Dune Messiah
1969 • 352 pages

Ratings898

Average rating3.8

15

4.50/5.00“Now I am free”.

What a beautiful conclusion to the story of Paul Atreides. This is the ending we deserved for Paul. At 80% of this book, I feared that I was pulling away with disinterest, but then I was hit with one of the most emotional endings that I have read. The imagery, the metohpor of Paul's life, and ultimate tradegy is re-writing all my feelings about Dune. I don't even want to read more. This is perfect.
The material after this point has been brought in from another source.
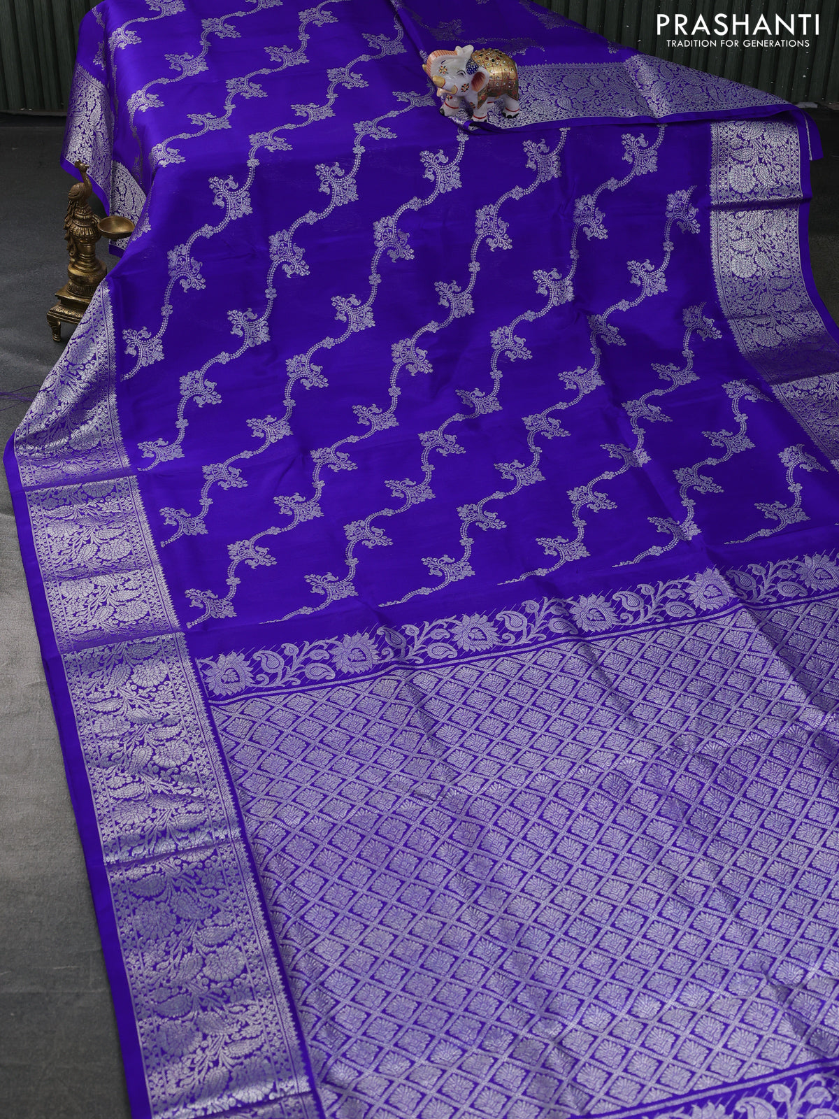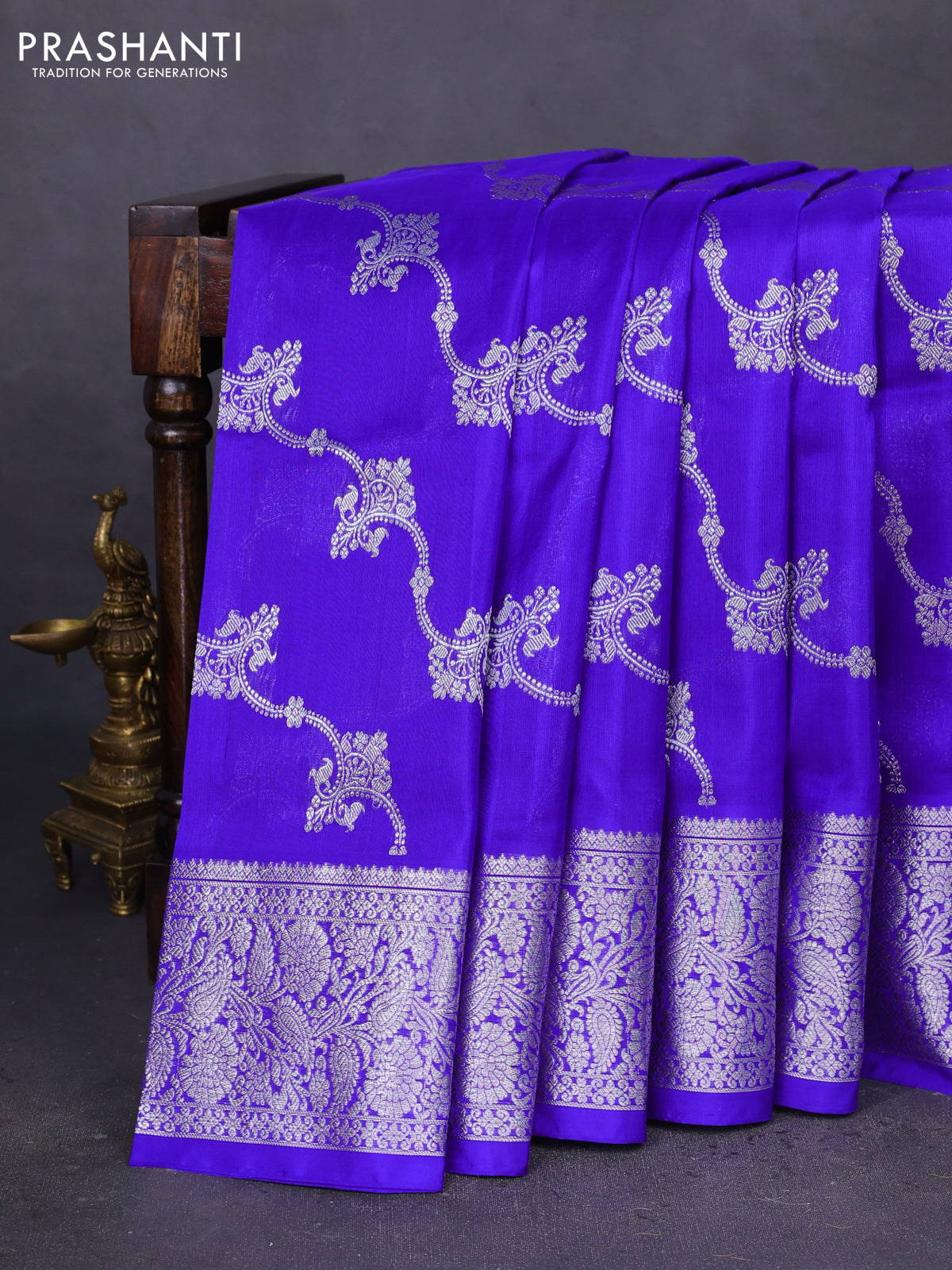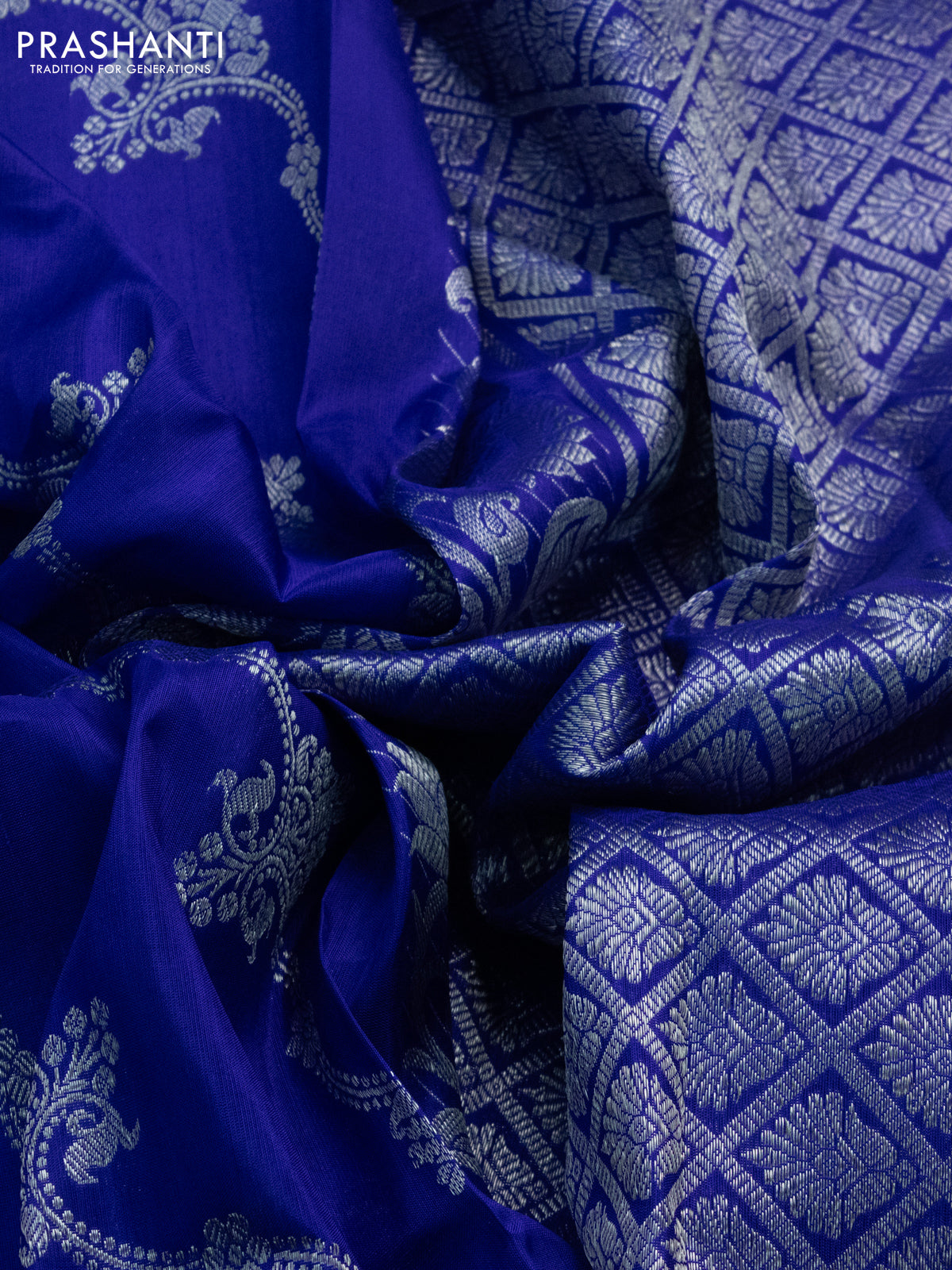 Venkatagiri silk saree royal blue with allover silver weaves and rich silver zari woven border

I did struggle to read this book much more that the first. Why not have a glossary like the first book? The prose is meandering and gets very metphorical and a bit hard to follow. The first book was certainly more easy to read. If Frank Herbert had taken it a little bit easier, made the book a little bit easier to follow, Dune Messiah would have been a greater success. Prose departed from its lyrical approach to the metaphorical puzzle, which I am not a big fan of.

“What is before ?”

Emotional Impact -> The book starts out great, the later mid part gets a bit hard to follow. The ending is spectacular and worthy of a Dune book. The ending is even better than Dune. "A planet for a tomb"!! Beautiful. Characters -> Paul stole my heart. His journey, his terrible purpose, his tragic life, his helplessness, his loss of free will. What a terrible life! Plot -> Incredible plot. I didn't see any of it coming. Praise be to Frank Herbert. LOL when his son Leto II calls Paul father! wow. The plot left a lot of loose strands that somehow made the book more interesting. I did not like the Alia-Duncan romance.. where did that come from ? so random. Prose -> This is where I struggled. My non-spoiler thoughts cover it already. Worldbuilding -> This story is not focused on worldbuilding. It is plot and character focused. It makes use of the existing Dune worldbuilding and it almost feels like the ending of the first book.